BluWave: More effective sourcing of service providers promises many benefits

Smarter sourcing can make a world of difference to PE professionals searching for the right third-party advisers when there are so many unique needs to consider, says BluWave founder and CEO Sean Mooney.

This article is sponsored by BluWave

What are the benefits of the network approach to sourcing services that BluWave delivers?

I was an investor in the private equity industry in New York for nearly 20 years before founding BluWave, so I first-hand experienced how PE firms had to employ a lot of third parties for virtually everything they do. PE Firms are looking at hundreds of companies a year: each company is different, and each need is different. Third parties are also hard to use. Every time we had a relatively unique need, but we couldn’t possibly know every service provider for each use case before we needed them. So our highly-qualified, highly-paid professionals would spend time Googling or asking friends to get to third parties that could assist with a particular challenge.

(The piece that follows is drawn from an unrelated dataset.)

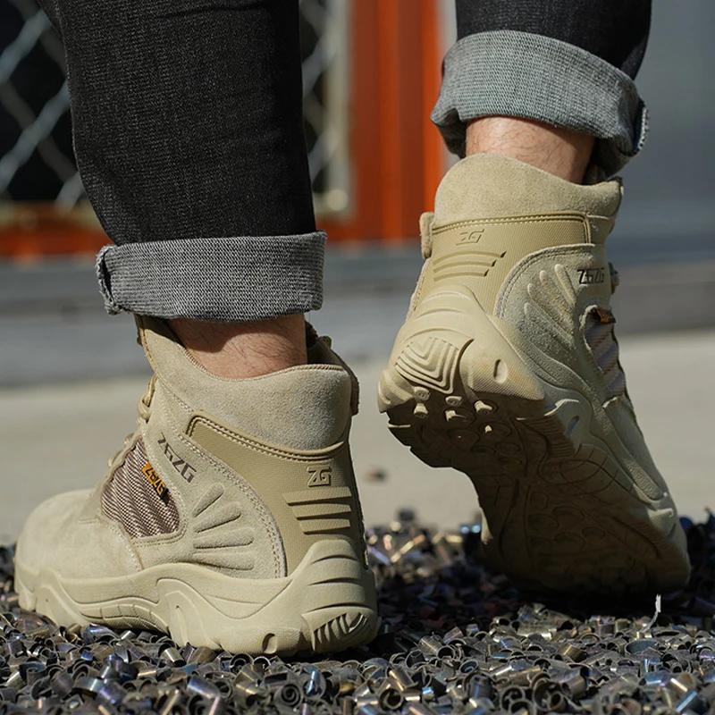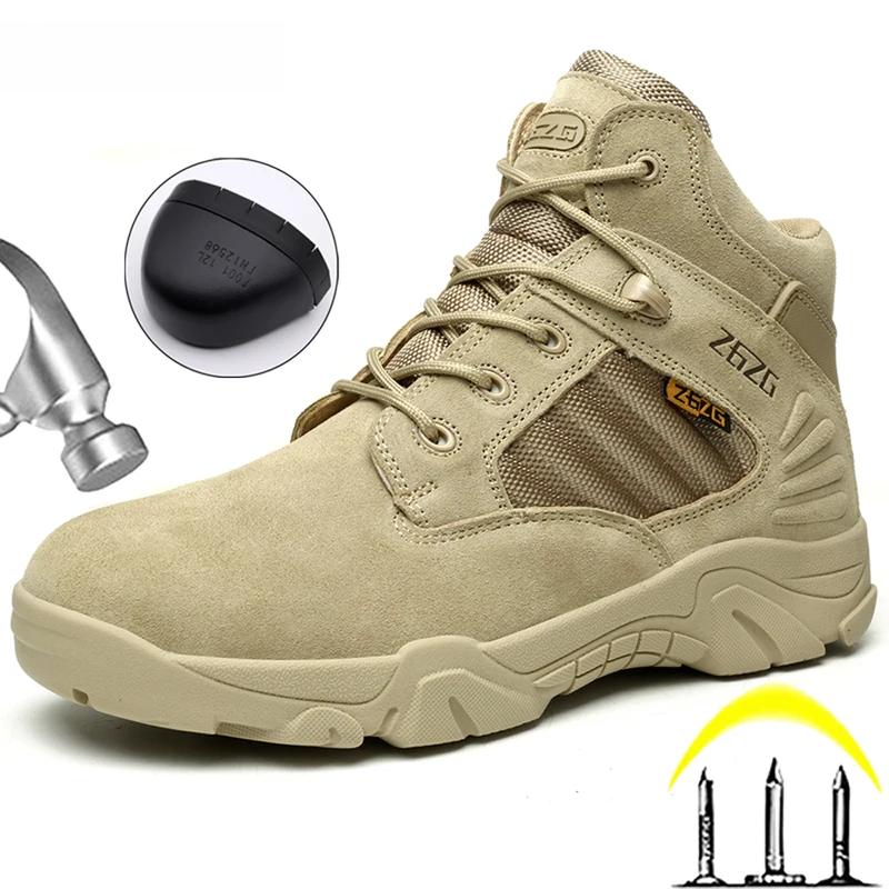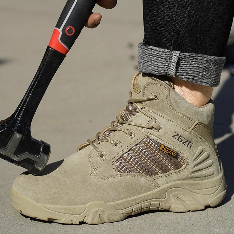 Мужские ботинки для пустыни на открытом воздухе со стальным носком, рабочие ботинки, неразрушимые, боевые, устойчивые к проколам, противоударные, защитные ботинки

Sean Mooney, BluWave founder

At the time, there wasn’t a B2B marketplace that could solve that challenge, not just in identifying the right third parties for a task but also in holding them accountable. A lot of service providers were learning on my dollar, and as a single PE firm we had virtually no recourse when providers didn’t perform as promised.

I had this idea for a magic PE toolbox, and BluWave was born.

Today, we work with over 500 of the world’s top private equity firms, combining elements of different business models to solve a pretty pervasive problem. Not only are we helping PE firms, but we’re also helping the best service providers by connecting them to the PE funds in need of their specialized services, connecting the best with the best at the exact time they need to know each other.

By using an intelligent network approach, we are able to uniquely understand the service provider universe and how it quickly changes over time. Our PE fund clients really like it because we are giving them the right tools for each specific task, they get better results, and their teams can spend much more time doing more strategically valuable imperatives.

How often do funds require additional resources to execute on due diligence or value creation projects? And how are service providers filling the gaps?

Private equity requires third parties for virtually everything – funds look at hundreds of companies every year, they often have a portfolio of maybe 10, 20 or more companies, and every one of those has different requirements. Funds need to be able to expertly assess and quickly build companies, and they need to get it right the first time. If they bring in specialists that can help them assess companies more successfully and build them with a higher degree of confidence, that inevitably delivers better returns.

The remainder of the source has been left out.